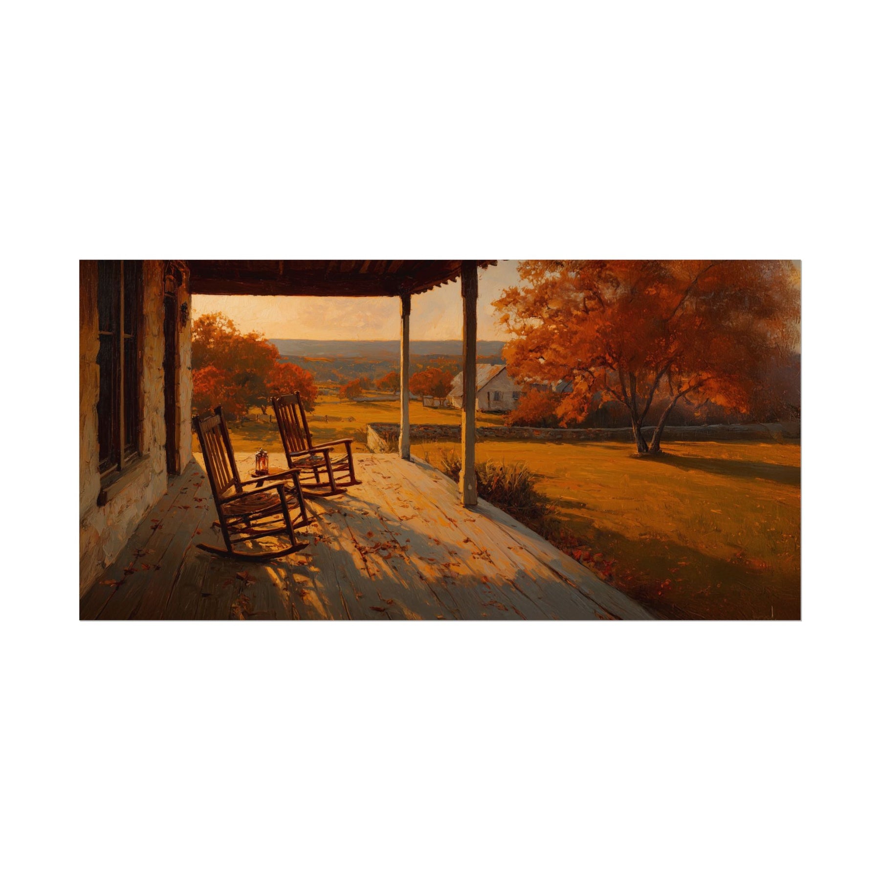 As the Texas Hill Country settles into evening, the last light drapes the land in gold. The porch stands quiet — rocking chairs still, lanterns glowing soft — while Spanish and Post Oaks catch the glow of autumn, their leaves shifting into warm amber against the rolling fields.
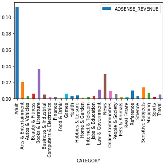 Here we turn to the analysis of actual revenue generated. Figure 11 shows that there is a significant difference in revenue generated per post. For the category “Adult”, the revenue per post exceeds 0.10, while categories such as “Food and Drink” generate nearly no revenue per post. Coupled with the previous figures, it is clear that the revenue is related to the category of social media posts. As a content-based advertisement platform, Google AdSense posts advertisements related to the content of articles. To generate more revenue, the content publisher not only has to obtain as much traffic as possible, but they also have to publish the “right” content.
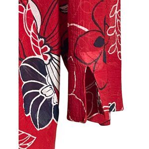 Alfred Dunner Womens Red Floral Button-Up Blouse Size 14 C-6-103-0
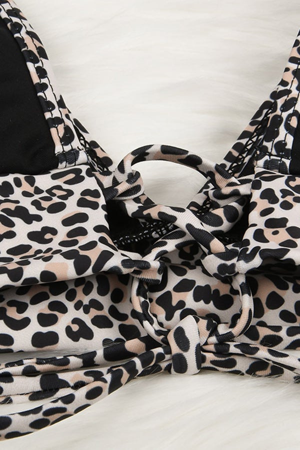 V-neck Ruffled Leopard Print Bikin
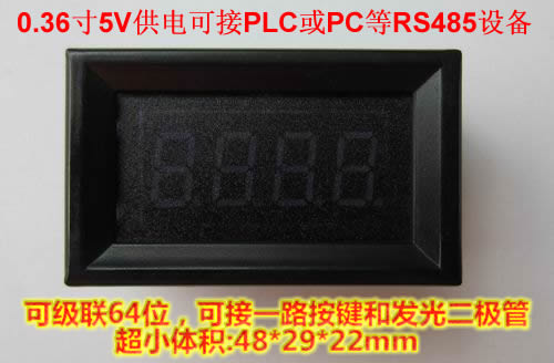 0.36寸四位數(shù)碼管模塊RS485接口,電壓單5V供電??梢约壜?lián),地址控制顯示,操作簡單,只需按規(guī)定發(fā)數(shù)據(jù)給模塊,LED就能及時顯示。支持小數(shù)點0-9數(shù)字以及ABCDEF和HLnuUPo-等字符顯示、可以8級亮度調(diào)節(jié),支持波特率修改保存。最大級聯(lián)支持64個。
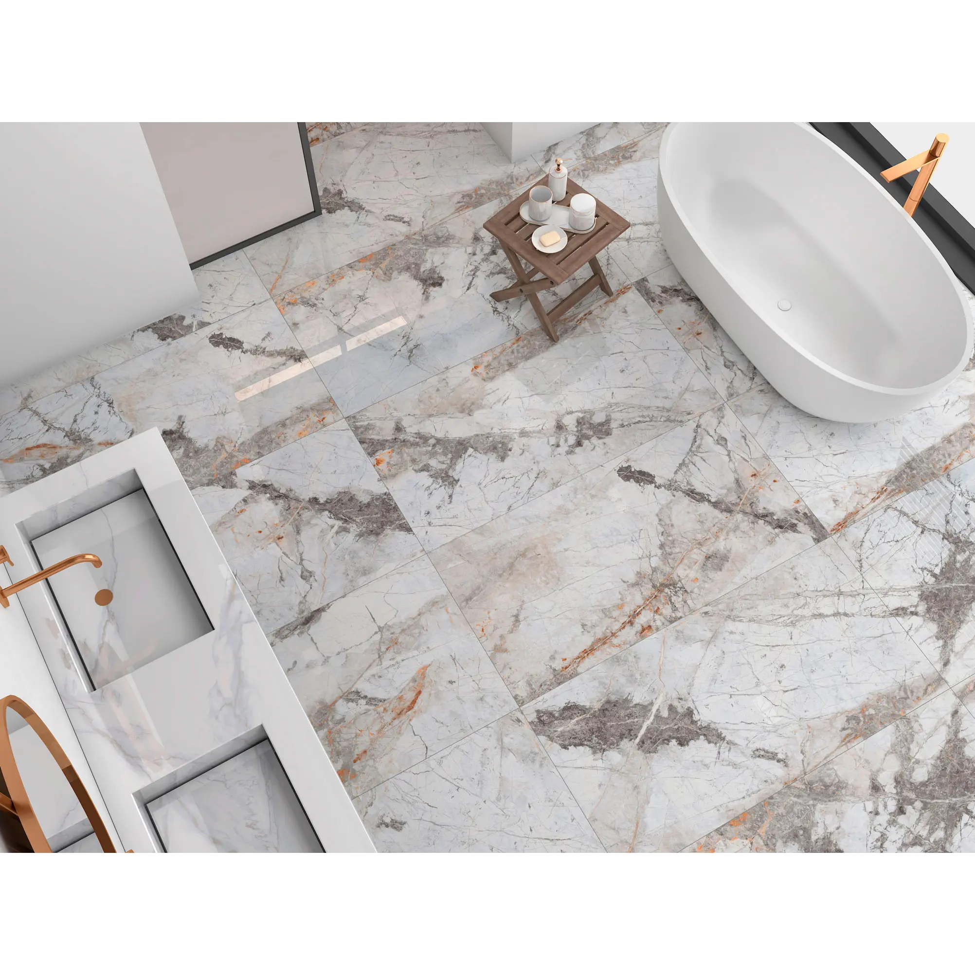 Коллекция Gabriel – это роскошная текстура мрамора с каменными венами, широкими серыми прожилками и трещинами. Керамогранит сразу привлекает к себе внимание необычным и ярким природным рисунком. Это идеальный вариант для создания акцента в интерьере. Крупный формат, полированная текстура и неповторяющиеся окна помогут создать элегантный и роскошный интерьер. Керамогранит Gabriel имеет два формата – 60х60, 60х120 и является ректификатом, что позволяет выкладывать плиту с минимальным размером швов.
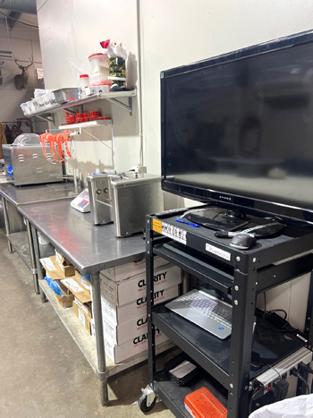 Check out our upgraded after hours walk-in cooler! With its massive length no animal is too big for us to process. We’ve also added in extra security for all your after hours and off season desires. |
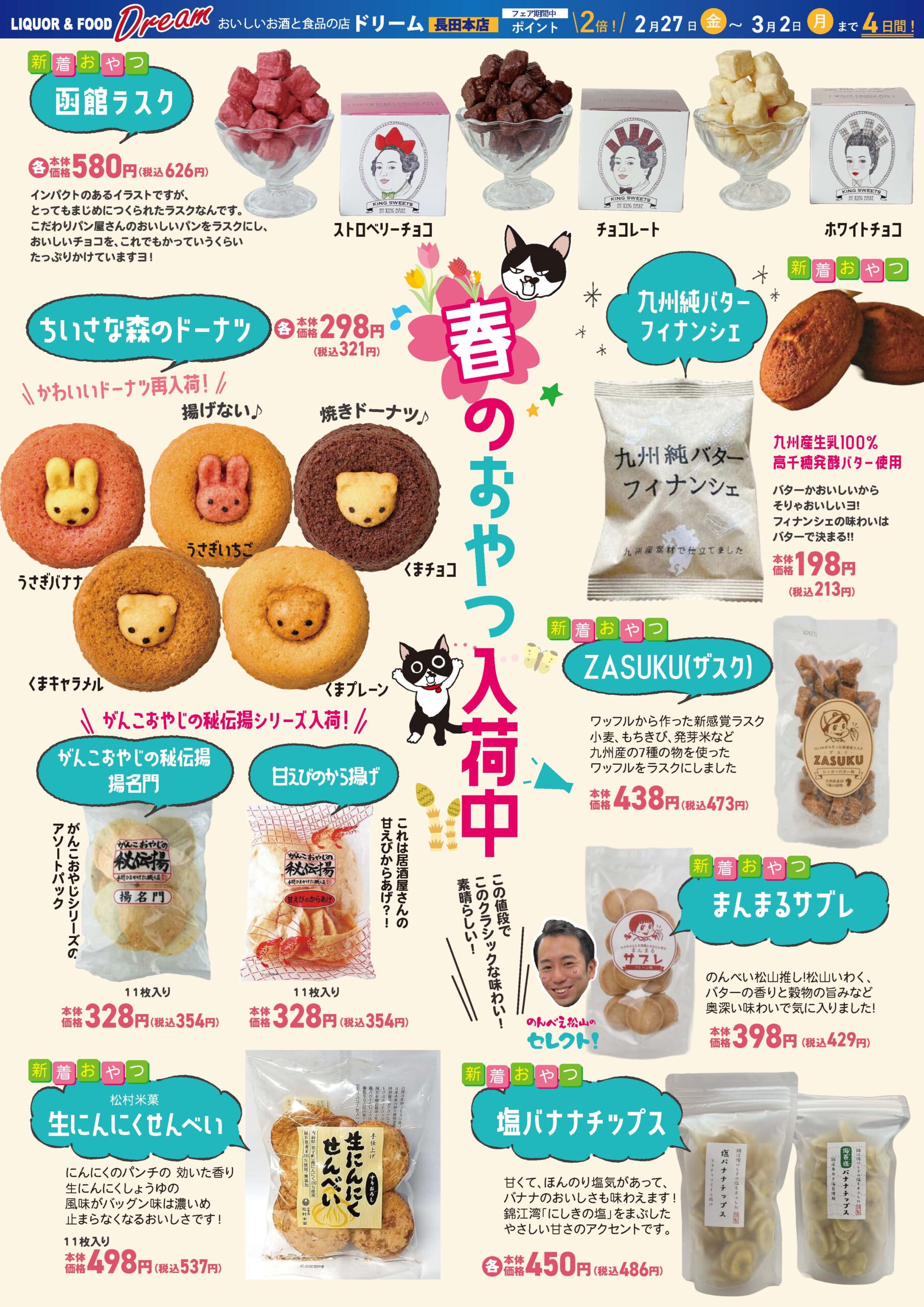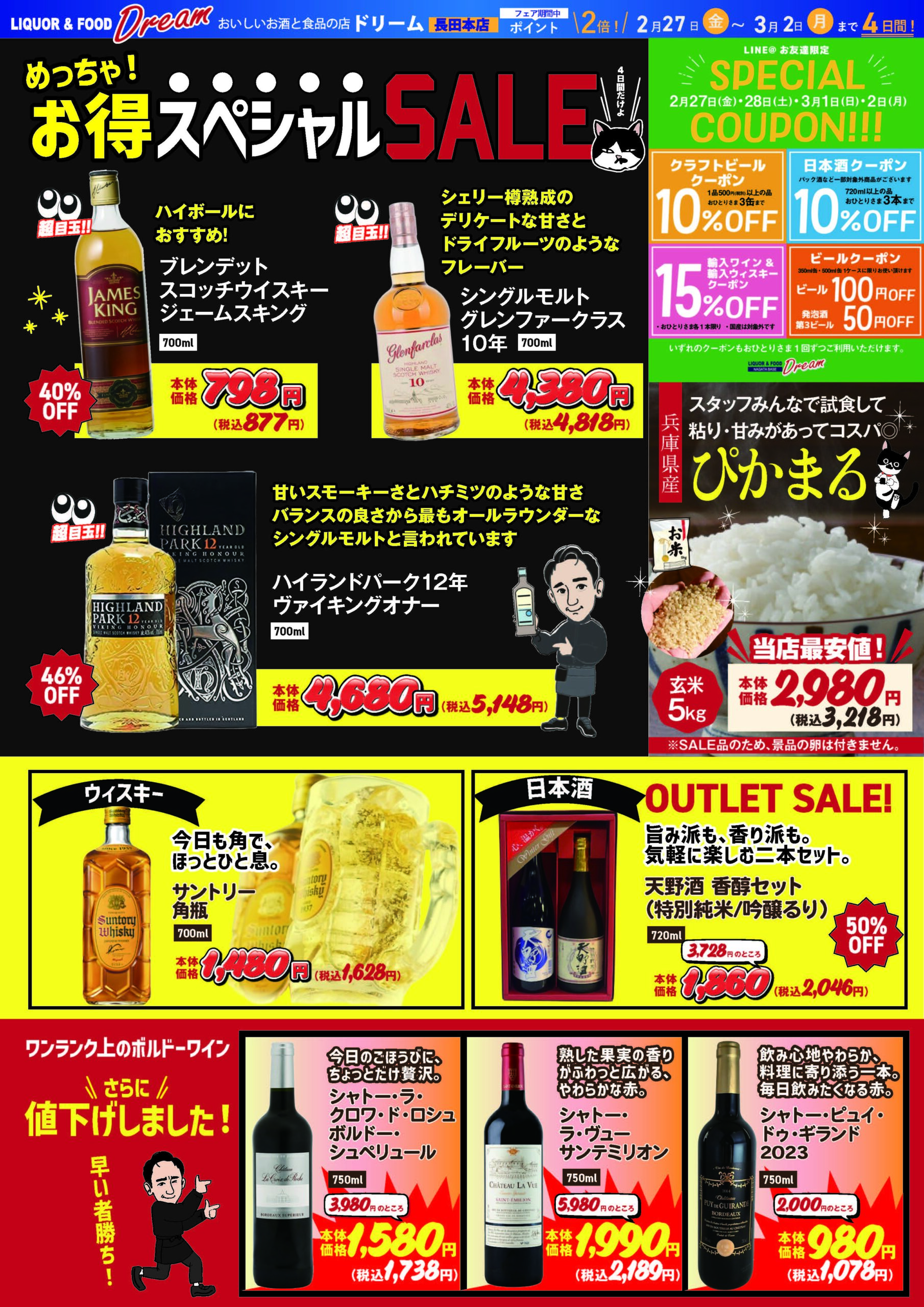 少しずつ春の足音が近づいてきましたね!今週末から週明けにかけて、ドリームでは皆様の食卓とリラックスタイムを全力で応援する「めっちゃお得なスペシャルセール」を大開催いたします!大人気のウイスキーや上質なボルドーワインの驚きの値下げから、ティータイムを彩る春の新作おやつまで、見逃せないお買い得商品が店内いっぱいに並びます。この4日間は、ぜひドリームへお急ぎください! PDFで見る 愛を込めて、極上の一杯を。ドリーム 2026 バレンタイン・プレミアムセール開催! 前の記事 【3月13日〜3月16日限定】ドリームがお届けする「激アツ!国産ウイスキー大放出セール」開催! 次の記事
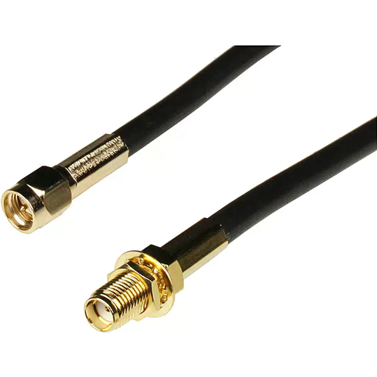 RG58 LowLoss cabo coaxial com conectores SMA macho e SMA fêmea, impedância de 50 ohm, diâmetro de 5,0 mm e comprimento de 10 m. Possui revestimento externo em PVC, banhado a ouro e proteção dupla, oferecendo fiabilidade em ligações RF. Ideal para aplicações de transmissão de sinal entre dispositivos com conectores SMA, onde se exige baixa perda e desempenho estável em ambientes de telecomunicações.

● **DIRECTIONS FOR THIS TASK**
Look above for the line with "Коллекция Gabriel –" and the line with "Check out our". Give again exactly those two lines and all lines between them, pictures excluded.

● **RESULT OF THIS EXERCISE**
 Коллекция Gabriel – это роскошная текстура мрамора с каменными венами, широкими серыми прожилками и трещинами. Керамогранит сразу привлекает к себе внимание необычным и ярким природным рисунком. Это идеальный вариант для создания акцента в интерьере. Крупный формат, полированная текстура и неповторяющиеся окна помогут создать элегантный и роскошный интерьер. Керамогранит Gabriel имеет два формата – 60х60, 60х120 и является ректификатом, что позволяет выкладывать плиту с минимальным размером швов.
 Check out our upgraded after hours walk-in cooler! With its massive length no animal is too big for us to process. We’ve also added in extra security for all your after hours and off season desires. |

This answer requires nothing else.